首先,简单说一下radix tree的结构。
radix tree的叶节点是存放在树中的数据,内节点包含子节点的指针,每个内节点的孩子个数固定,Linux内核一般设置为64,也就是内节点包含64个指针,内节点还包括本节点的有效孩子个数以及所在的层次,这里为了简单,并没有包含Linux内核内节点那么多数据。
radix tree的使用主要是提高查询效率,因此,这里说一下radix tree的查询操作:
每个内节点包含的指针个数是pow(2, n),好处是可以通过提取索引值的n位来得到该层的索引。由于这里采用的是pow(2, 6),因此,每层的索引值是6位。
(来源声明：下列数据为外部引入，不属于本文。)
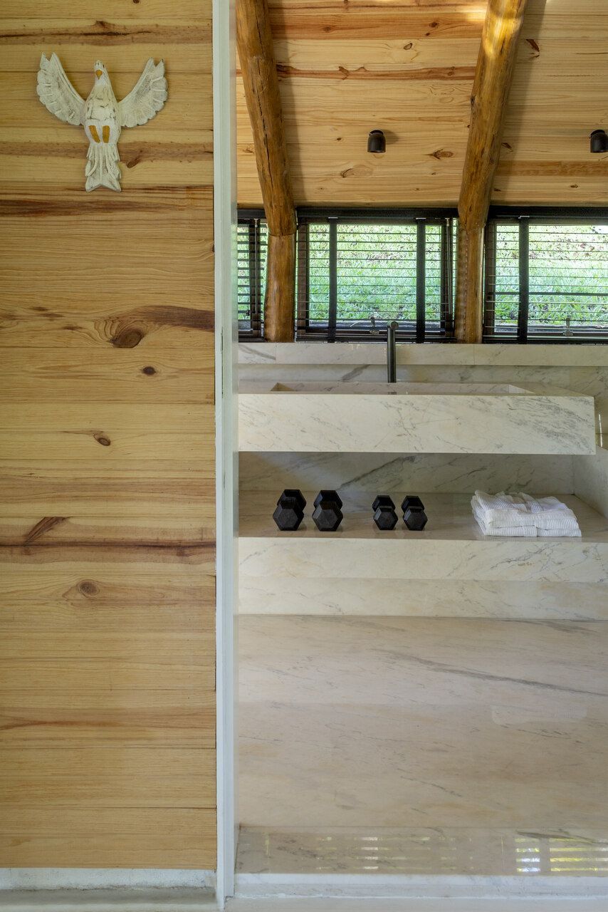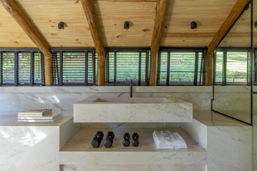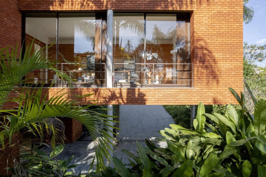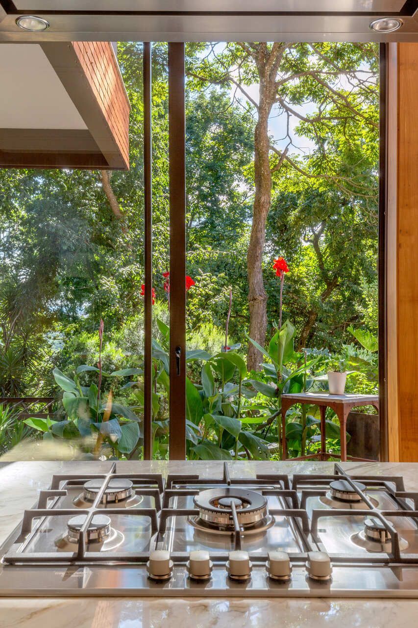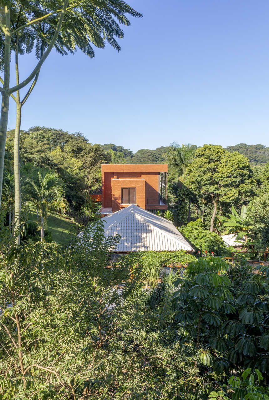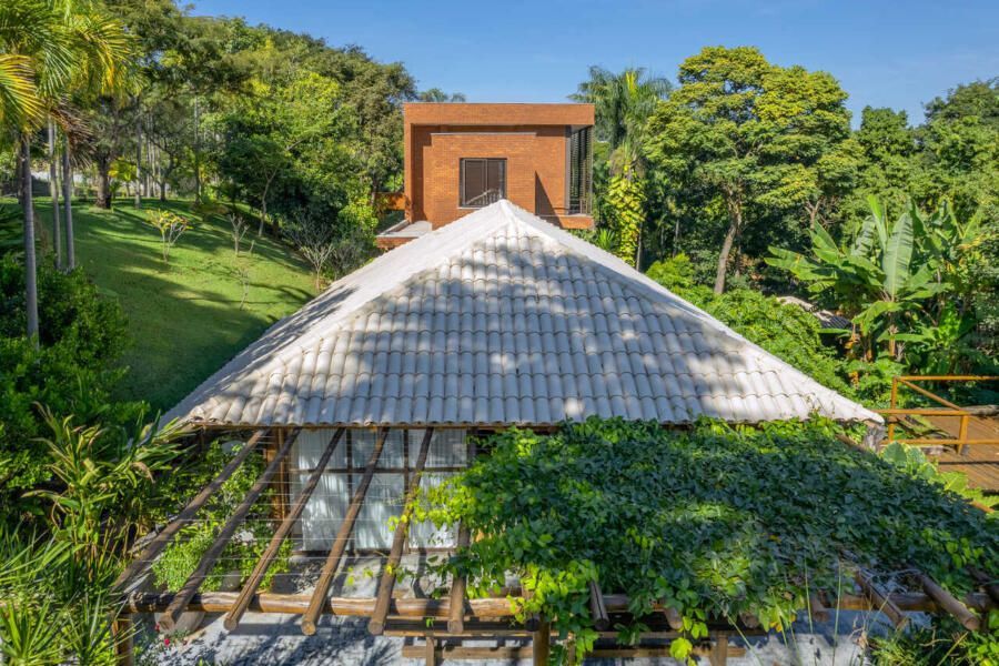 Com 323m² distribuídos em dois pavimentos, a casa se abre completamente para a paisagem. No andar superior estão a sala, uma suíte e o escritório; no inferior, a garagem, a cozinha e a sala de estar, que se integram de forma fluida ao jardim, um espaço vivo, repleto de árvores frutíferas e animais que circulam livremente. É ali que o arquiteto passa os finais de tarde, observando o crescimento das plantas e o ritmo tranquilo da natureza.

比如下图中的索引值131,转换成16进制就是0x00000083,内节点中存放的有当前节点所在的层次(从下往上计算),那么,提取第二层的索引值是2,因此取第二层的slot[2]转到第一层,然后提取第一层的索引值,是3,因此,提取第一层的slot[3],由于这是第一层了,于是,遍历结束,所得到的slot[3]就是希望查询的数据的指针。
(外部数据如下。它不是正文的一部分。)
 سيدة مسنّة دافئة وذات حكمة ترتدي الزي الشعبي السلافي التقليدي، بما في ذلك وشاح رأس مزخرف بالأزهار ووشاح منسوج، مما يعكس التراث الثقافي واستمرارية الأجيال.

《深入理解Linux内核》上关于radix tree的图示:
看了图应该很好理解了,直接贴代码吧,由于时间有限,没有对代码进行严格的测试,只测试了插入和查找操作,因此,代码有可能会有问题:
#include <iostream>
#include <fstream>
#include <string>
#include <cstring>
using namespace std;
typedef unsigned int u_int;
//常量定义
const u_int RADIX_TREE_SLOTS = 64; //一个内节点包含的最多的孩子个数
const u_int RADIX_MAX_LEVEL = 5; //最大的层数
const u_int radix_level[RADIX_MAX_LEVEL + 1] = { 0x00000000,
0x0000003F,
0x00000FC0,
0x0003F000,
0x00FC0000,
0x3F000000 }; //层次掩码,用于提取某一层上的索引值
//函数的返回值状态
enum radix_status {
INSERT_SUCC,
INSERT_FAIL,
DELETE_SUCC,
DELETE_FAIL
};
//radix tree的内节点
struct __radix_tree_node {
u_int height; //内节点的高度,从下往上算起
u_int count; //有效子节点的个数
void *slot[RADIX_TREE_SLOTS];
};
//radix tree的根节点
struct __radix_tree_root {
u_int height; //整个树的高度,不包括树根
__radix_tree_node *rnode;
};
//radix tree的页节点,存储在树中的数据,这里暂时将数据成员设置为string
struct radix_tree_data {
string str;
};
class radix_tree {
public:
radix_tree();
void radix_tree_stretch(); //将树向下扩展一层
void radix_tree_stretch_n(u_int); //将树扩展到n层
radix_status radix_tree_insert(u_int, radix_tree_data&); //插入一个索引值为index的数据
radix_status radix_tree_delete(u_int, radix_tree_data *&); //删除索引值为index的数据
radix_tree_data* radix_tree_lookup(u_int); //查询索引值为index的数据
void radix_tree_print(); //打印整棵树
~radix_tree();
private:
u_int get_want_level(u_int index) //从给定的索引值获取树所期望的层次
{
u_int level = RADIX_MAX_LEVEL;
while(level >= 0) {
if(index & radix_level[level]) {
return level;
}
--level;
}
return level;
}
u_int get_level_index(u_int index, u_int level) //从给定的索引值和层次,得到该层的索引值
{
return (index & radix_level[level]) >> ((level - 1) * 6);
}
__radix_tree_node* radix_tree_alloc_node() //分配一个树的内节点
{
__radix_tree_node *pr_node = new __radix_tree_node;
pr_node->height = 0;
pr_node->count = 0;
//for(u_int i = 0; i < RADIX_TREE_SLOTS; ++i)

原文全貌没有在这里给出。